Пока мы стояли в нерешительности, я увидел сзади на темном фоне кустов три фигуры, пригнувшиеся к земле. Нас окружали высокая трава и мелкий кустарник, так что мы не могли чувствовать себя в безопасности. Чтобы пересечь лес, надо было, по моим расчетам, пройти около мили. Если бы нам удалось выйти на открытый склон, то, как мне казалось, мы нашли бы там безопасное место для отдыха. Я думал, что спичками и камфорой можно будет освещать дорогу среди деревьев. Но чтобы зажигать спички, я должен был бросить сучья, набранные для костра; нехотя мне все же пришлось это сделать. И тут у меня возникла мысль, что я могу позабавить наших друзей, если подожгу брошенный хворост. Позже я понял, какое это было безумие, но тогда подобный маневр показался мне отличным прикрытием нашего отступления.

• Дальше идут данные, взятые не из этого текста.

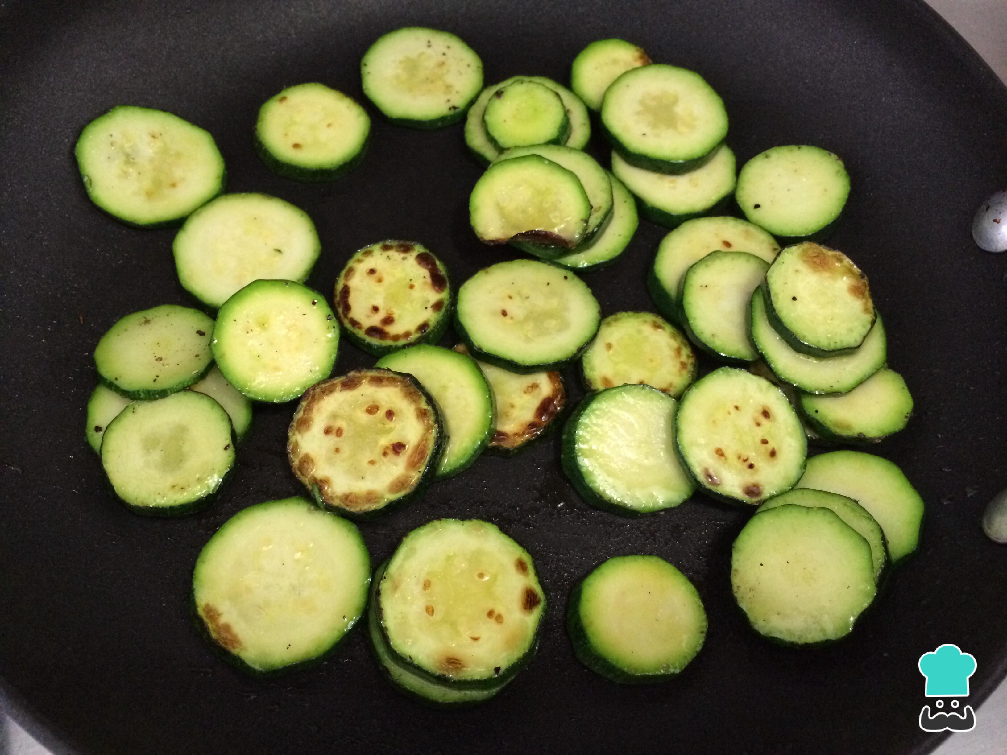 Na mesma frigideira, com um pouco mais de óleo, realize o mesmo procedimento com a abobrinha cortada às rodelas. Tempere com sal e pimenta e reserve.
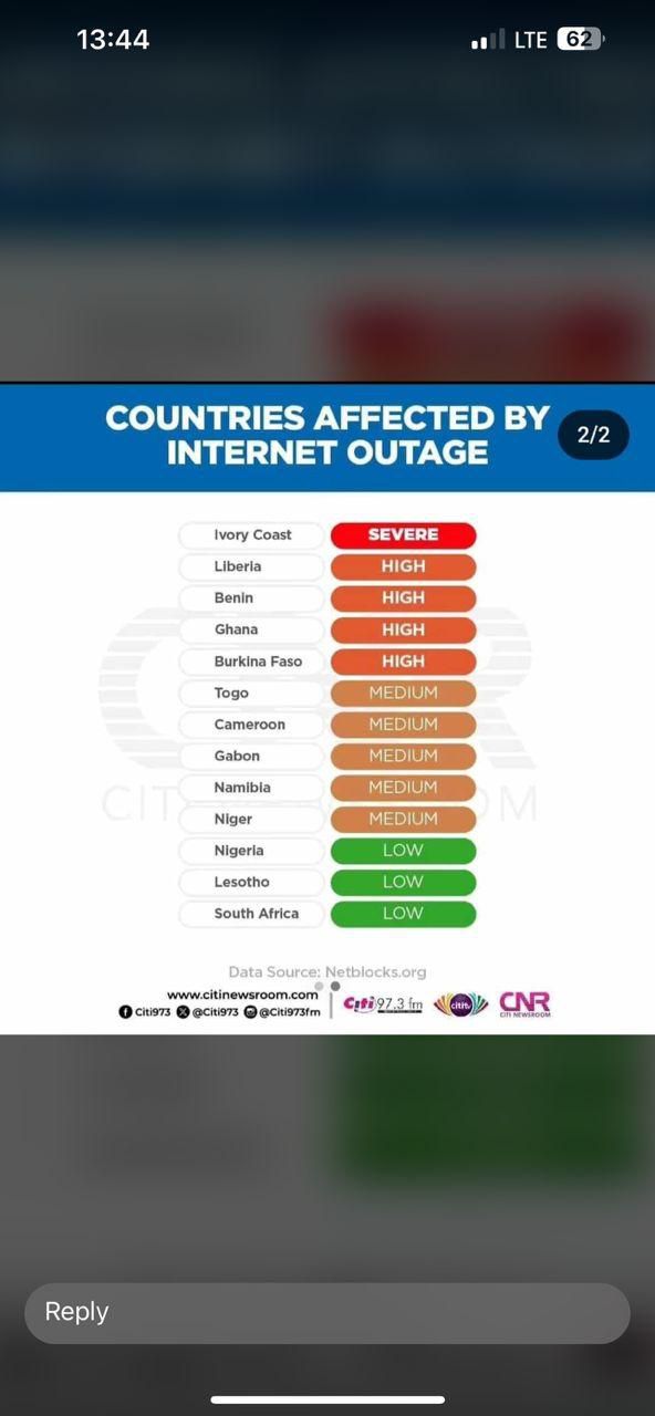 This begs the question of which African countries are hit the hardest by the internet outage. According to Citinews Africa, there are four categories of the severity of the internet outage, these are severe, high, medium, and low.

Не знаю, задумывались ли вы когда-нибудь над тем, какой редкостью бывает пламя в умеренном климате, там, где нет человека. Солнечный жар почти не способен зажечь какое-нибудь дерево даже в том случае, если капли росы, словно зажигательные стекла, собирают его лучи, как это иногда происходит в тропиках. Молния убивает, но редко служит причиной пожара. Гниющая растительность тлеет от теплоты внутренних химических реакций, но не загорается. А в этот период упадка было позабыто само искусство добывания огня. Красные языки, лизавшие груду хвороста, были для Уины чем-то совершенно новым и поразительным.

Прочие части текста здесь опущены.